エルフィーがなぜか興奮したようすできょろきょろりと部屋を見渡し、あれこれのぞいたり触ったりと忙しそうに部屋を動き回る。ぴこぴこと触角まで動いているけれど、きっと無意識なんだろうな。
「あら、エルフィーちゃんはリオネッサの部屋に興味津々ね」
「自慢の子です。かわいいでしょ?」
「ふふふ。親ばかねえ。気持ちはわかるけれど。
私もばばばかになりそうだもの」
「それ語呂悪いね……」
「そうね。もう少し良いものを考えておこうかしら……。マゴコンとかどう?」
そんなところにこだわらなくてもいいってば。
「わたしは荷ほどきを手伝ってくるからエルフィーといっしょにいてあげて。いろいろ見て回りたいだろうから」
「それなら私が行ってくるわ。あなたがエルフィーに付いていておあげなさいな、ママ?」
「……はい。お願いします」
そうだった。わたしにとってもは慣れた場所でもエルフィーにとっては知らない場所に、知らない人たちばかりの場所だった。むう。お母さまにはまだまだ追い付けそうもないなあ。
「ママ、ママ。ママは本を置いていったの?」
ほとんど使うことのなかった机の上を指さしてエルフィーは首をかしげた。そこには数冊の本が置いてある。
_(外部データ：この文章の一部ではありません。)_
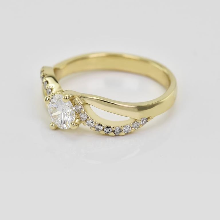 • eleganter Ring mit einem funkelnden Moissaniten und 18 seitlichen Lab Grown Diamanten

「うん。ヴィーカも気にいってた本だったし、魔王さまの書庫にもあるって聞いたから」
好きな物語はあるけれど、あまり執着しているわけでもなかったのでおいていった。魔王さまからもらった辞書だけはもっていったけれど。
この机が一番よく使われたのは魔王さまへの返事を書くときだった。
体があまり丈夫ではなかったヴィーカと違って、すこぶる健康体であったわたしは外で遊ぶことのほうが多かったので、だから、その、本はあまり読んでこなかったのだ。
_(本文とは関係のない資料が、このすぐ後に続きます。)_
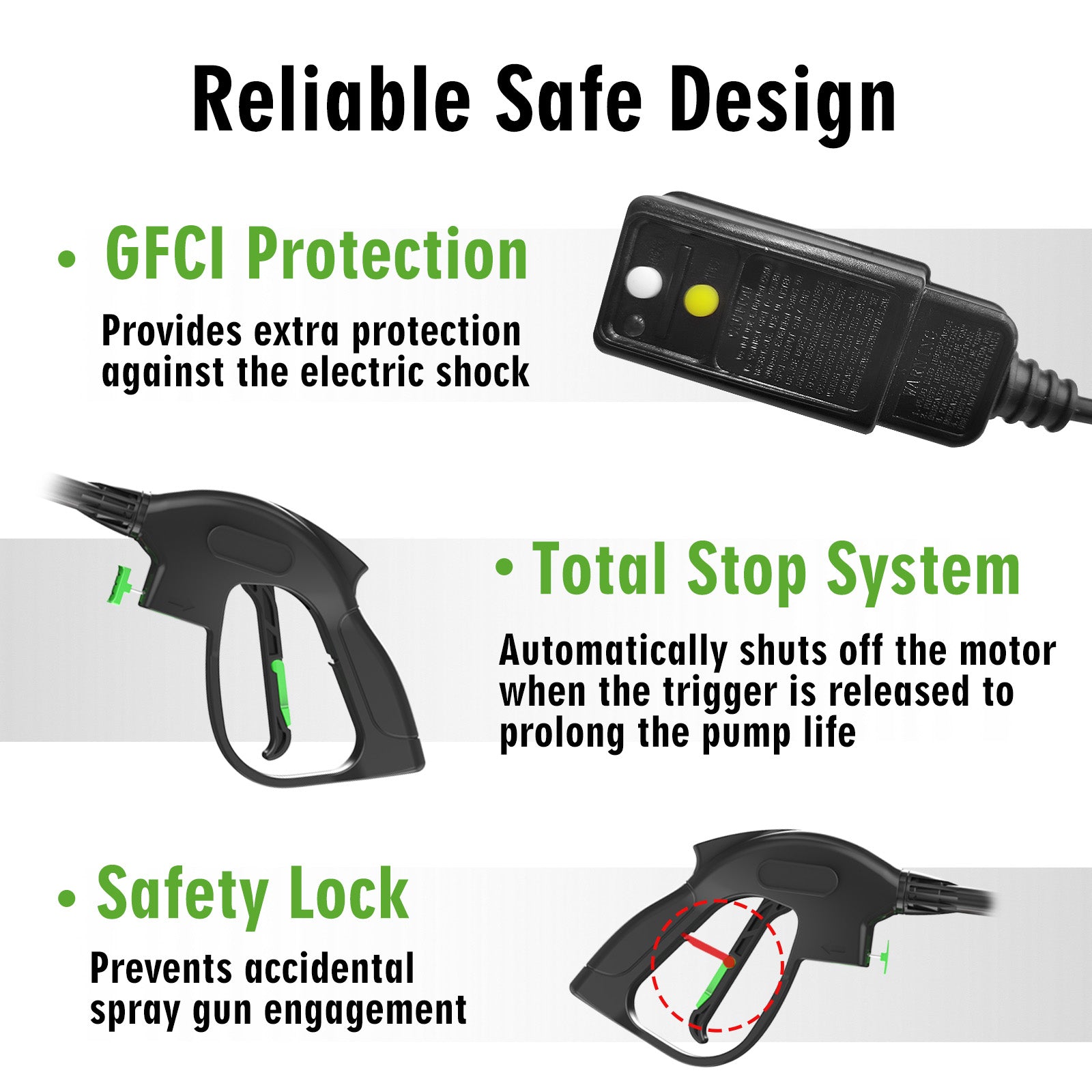 - Professional Safety Design: SWIPESMITH electric pressure washer provides multiple protection: thanks to the Total Stop System (TSS), the motor automatically shuts off when releasing the trigger to extend the pump’s life; the safety lock protects kids from accidentally triggering the spray gun; the GFCI plug provides additional protection from the risk of electric shock.

魔王城に行ってからのほうがよほど読んでいるくらいだ。魔王さまが勧めてくれた本はどれもおもしろいし、読む時間もたくさんとれているし。恵まれてるなあ、わたし。
「あ、ほら、ここからだと裏庭が見えるんだ。畑もちょっとだけ見えるの」
窓からはやはり変わりなく庭が見えた。
井戸端に薪割場所に、それから果樹と畑がちょこっと。オルフェオたちがばしりんから降ろしたらしき荷物を運んでいるのも見えた。
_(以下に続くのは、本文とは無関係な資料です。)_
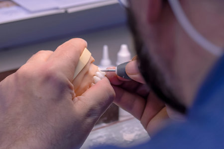 Dental technician using a brush with ceramic dental implants in his laboratory.

わたしにとってなんの変哲もない景色だけれど、エルフィーは食い入るように見つめていた。ぴょこふわとゆれる触角をよけて頭をなでる。
「下に行って荷物を降ろすの手伝おうか。
ちょっと遅くなっちゃったけど、お茶もしたいし」
「はい! ……あ、ママ」
元気よく返事をしたエルフィーがきょとんと丸くした瞳でわたしを見上げた。
「ああ、お父さまが帰ってきたみたい」
ちょっとばかり厳めしい顔をしたお父さまが両腕に抱えた収穫物をなんとか片腕で持とうと悪戦苦闘しながら歩いて来ていた。
「お父さまが野菜を落としちゃうまえに急いで下に行こっか」
「はい!」
小走りで廊下を進みながらわたしは笑った。
お父さまはきっとわたしたちに手をふりたかったのだろうなあ。